Input records —
+ + + + + + +

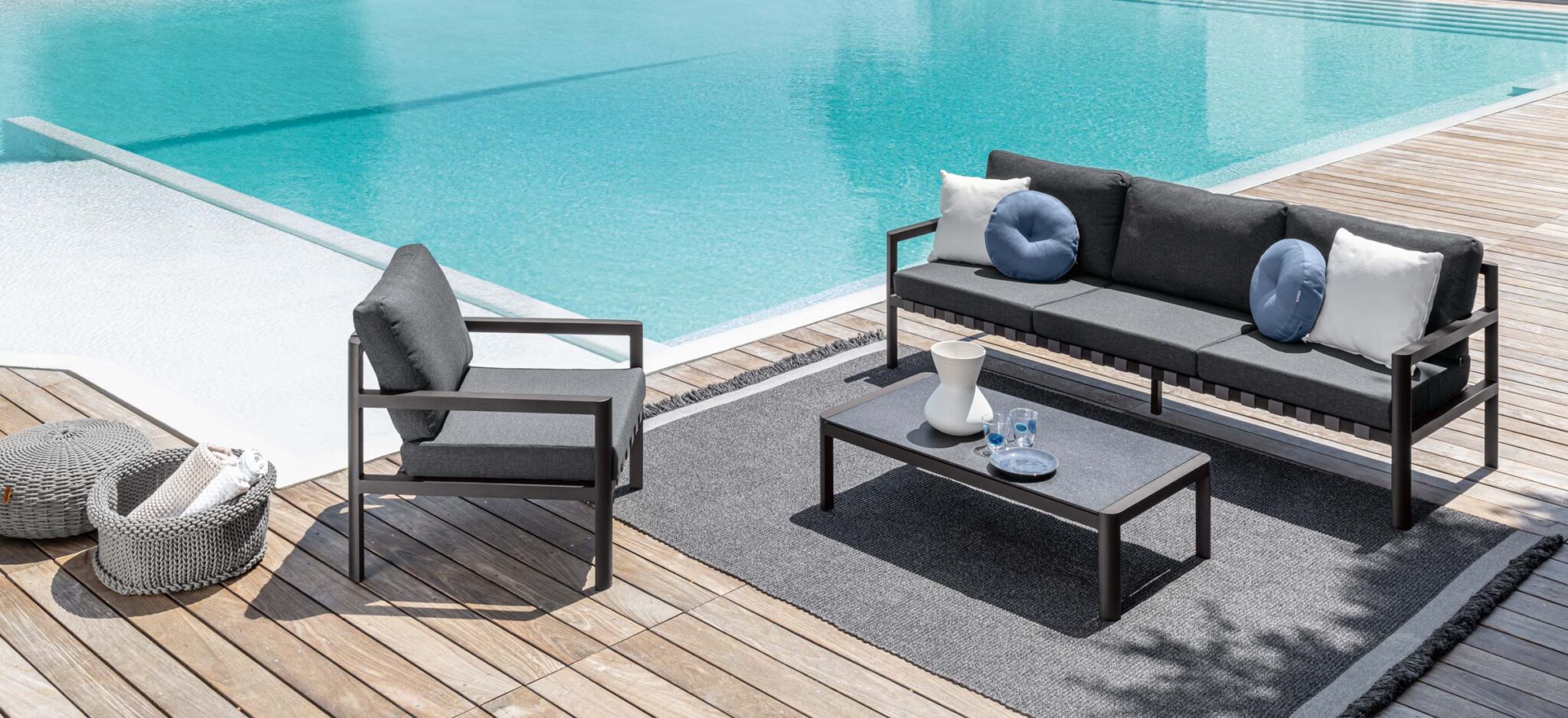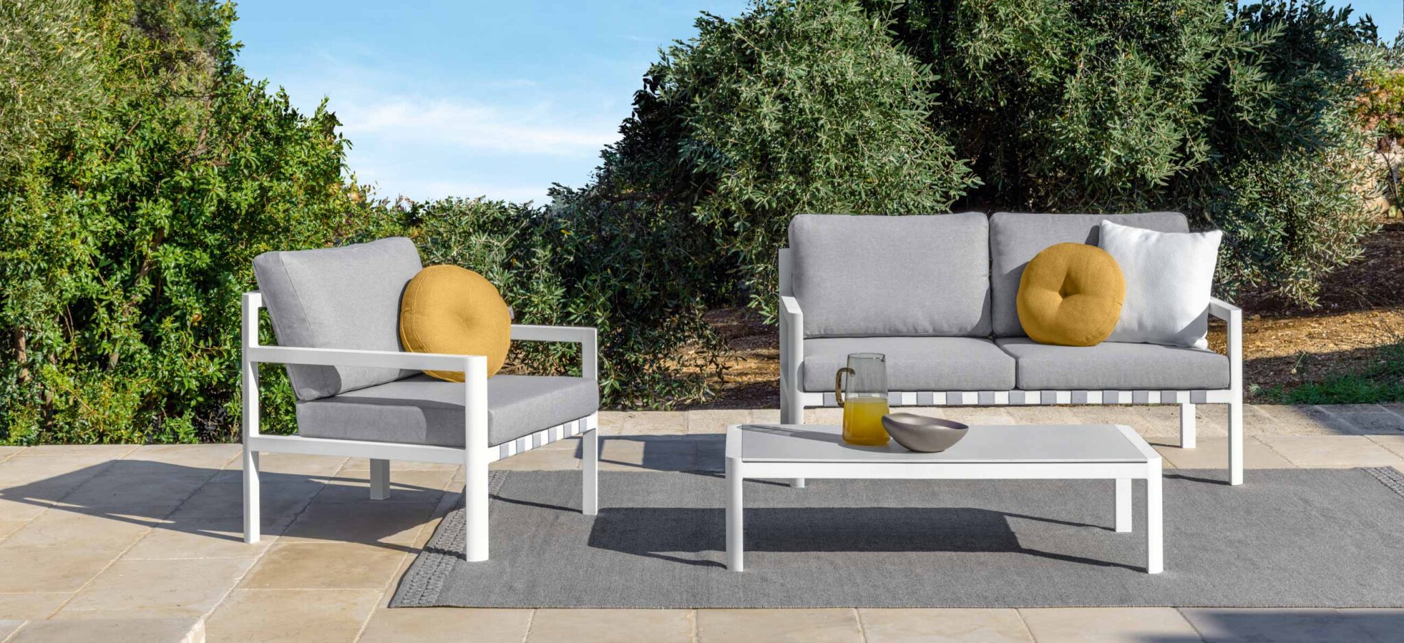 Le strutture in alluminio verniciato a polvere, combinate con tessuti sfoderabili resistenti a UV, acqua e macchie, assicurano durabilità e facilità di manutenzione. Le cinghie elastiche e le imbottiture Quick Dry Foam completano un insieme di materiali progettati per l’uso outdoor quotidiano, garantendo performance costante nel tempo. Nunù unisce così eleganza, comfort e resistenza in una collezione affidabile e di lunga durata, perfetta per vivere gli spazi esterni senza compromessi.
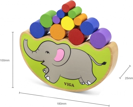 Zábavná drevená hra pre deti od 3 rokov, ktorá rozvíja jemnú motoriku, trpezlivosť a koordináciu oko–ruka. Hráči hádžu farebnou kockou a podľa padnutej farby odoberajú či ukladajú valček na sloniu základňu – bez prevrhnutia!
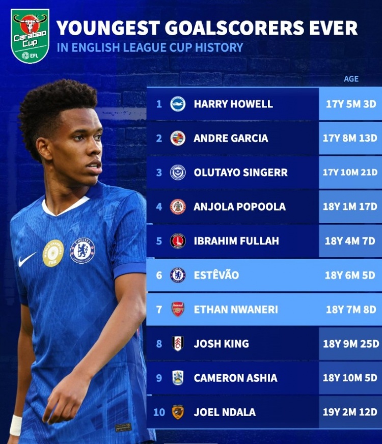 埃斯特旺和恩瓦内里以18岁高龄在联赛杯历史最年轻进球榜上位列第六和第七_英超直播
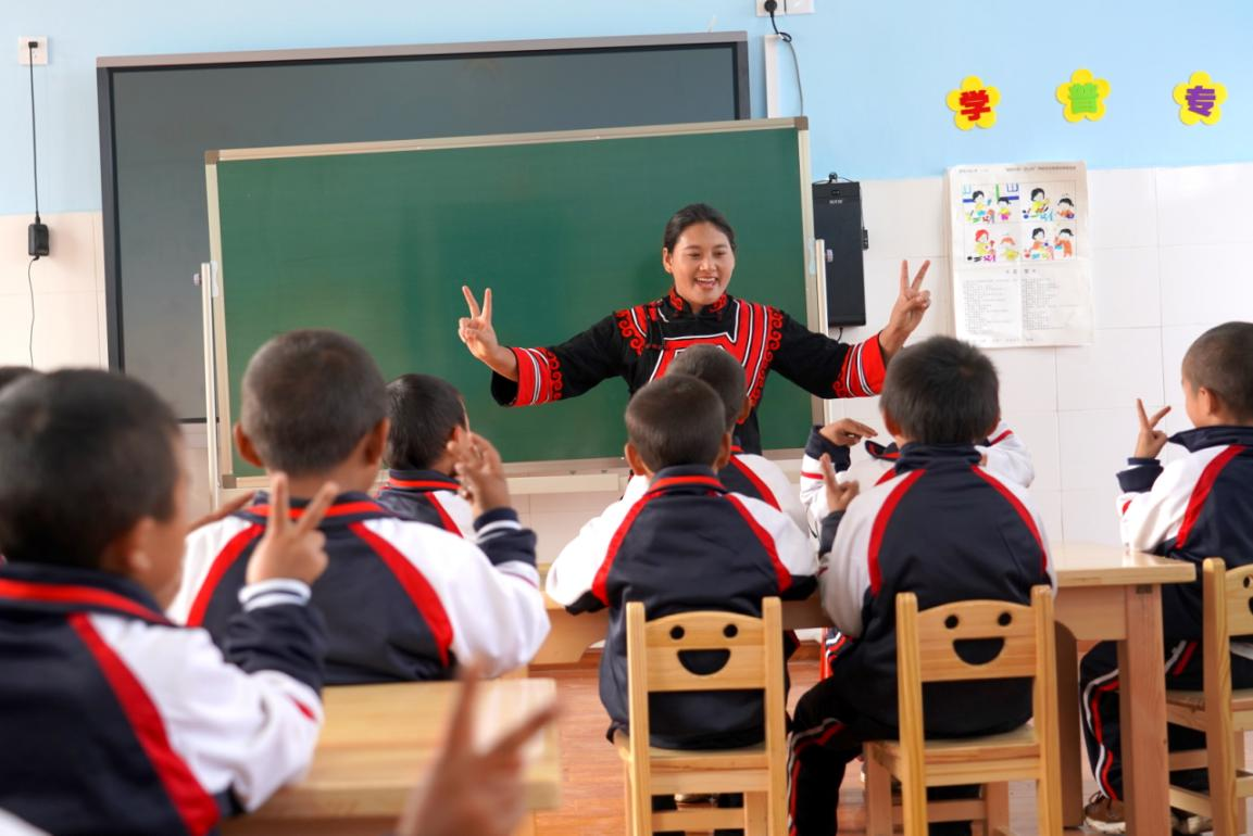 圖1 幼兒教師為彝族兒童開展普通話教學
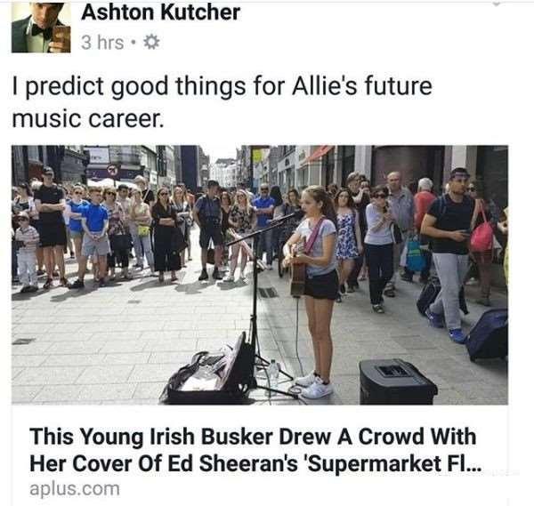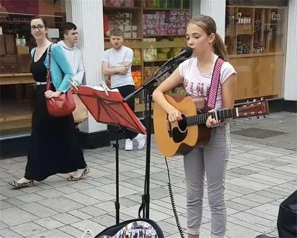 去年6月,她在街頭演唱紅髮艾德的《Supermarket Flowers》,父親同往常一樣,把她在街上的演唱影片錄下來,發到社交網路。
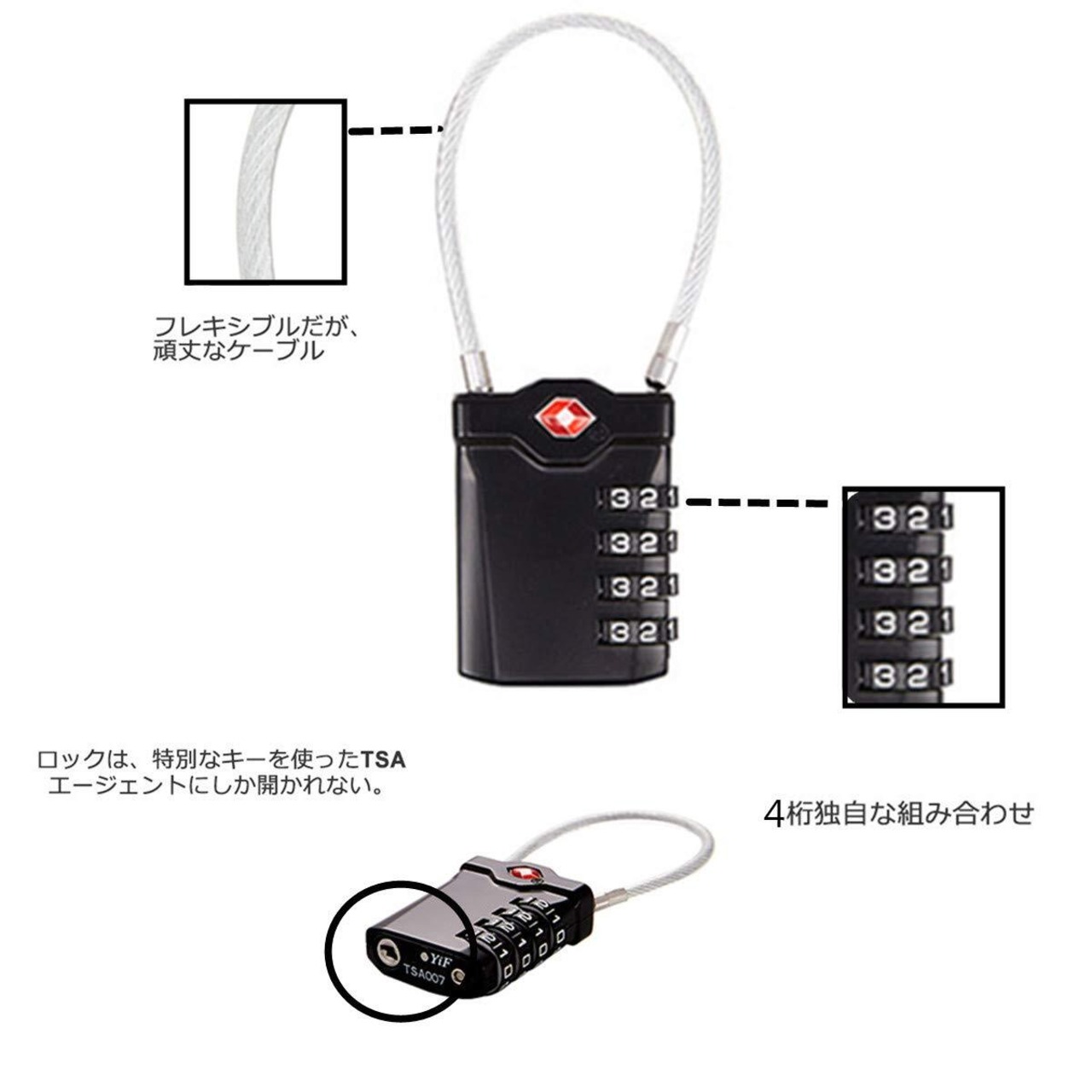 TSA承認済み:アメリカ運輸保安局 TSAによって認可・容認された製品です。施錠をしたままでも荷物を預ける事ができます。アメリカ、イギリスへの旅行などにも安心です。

+ + + + + + +

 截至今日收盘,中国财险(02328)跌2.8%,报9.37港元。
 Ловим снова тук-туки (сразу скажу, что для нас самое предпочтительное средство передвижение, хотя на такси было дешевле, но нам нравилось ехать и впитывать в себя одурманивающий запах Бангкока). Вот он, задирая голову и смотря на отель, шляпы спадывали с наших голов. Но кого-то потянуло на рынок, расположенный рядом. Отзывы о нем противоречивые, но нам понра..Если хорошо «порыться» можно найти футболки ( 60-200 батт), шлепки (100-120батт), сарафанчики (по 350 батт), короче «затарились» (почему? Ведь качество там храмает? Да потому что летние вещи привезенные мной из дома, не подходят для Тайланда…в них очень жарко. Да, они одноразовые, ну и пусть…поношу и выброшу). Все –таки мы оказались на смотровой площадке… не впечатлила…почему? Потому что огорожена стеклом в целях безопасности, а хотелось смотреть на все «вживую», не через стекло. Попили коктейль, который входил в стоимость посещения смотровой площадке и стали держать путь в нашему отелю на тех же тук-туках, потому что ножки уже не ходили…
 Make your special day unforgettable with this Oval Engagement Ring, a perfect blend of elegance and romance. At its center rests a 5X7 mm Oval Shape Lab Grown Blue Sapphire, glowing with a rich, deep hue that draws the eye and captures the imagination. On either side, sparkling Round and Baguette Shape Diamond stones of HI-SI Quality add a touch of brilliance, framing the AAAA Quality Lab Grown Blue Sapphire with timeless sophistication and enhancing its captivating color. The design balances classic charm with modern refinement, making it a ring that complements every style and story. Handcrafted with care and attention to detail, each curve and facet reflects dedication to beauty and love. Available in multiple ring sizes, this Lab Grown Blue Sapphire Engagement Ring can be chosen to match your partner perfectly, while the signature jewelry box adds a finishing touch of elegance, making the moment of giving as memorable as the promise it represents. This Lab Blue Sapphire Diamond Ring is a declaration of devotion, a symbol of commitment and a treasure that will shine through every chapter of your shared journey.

+ + + + + + +

Task item — What are the lines above from the one with "埃斯特旺和恩瓦内里以18岁高" to the one with "TSA承認済み:アメリカ運輸", both included? Reproduce them exactly, without pictures.

Answer space —
 埃斯特旺和恩瓦内里以18岁高龄在联赛杯历史最年轻进球榜上位列第六和第七_英超直播
 圖1 幼兒教師為彝族兒童開展普通話教學
 去年6月,她在街頭演唱紅髮艾德的《Supermarket Flowers》,父親同往常一樣,把她在街上的演唱影片錄下來,發到社交網路。
 TSA承認済み:アメリカ運輸保安局 TSAによって認可・容認された製品です。施錠をしたままでも荷物を預ける事ができます。アメリカ、イギリスへの旅行などにも安心です。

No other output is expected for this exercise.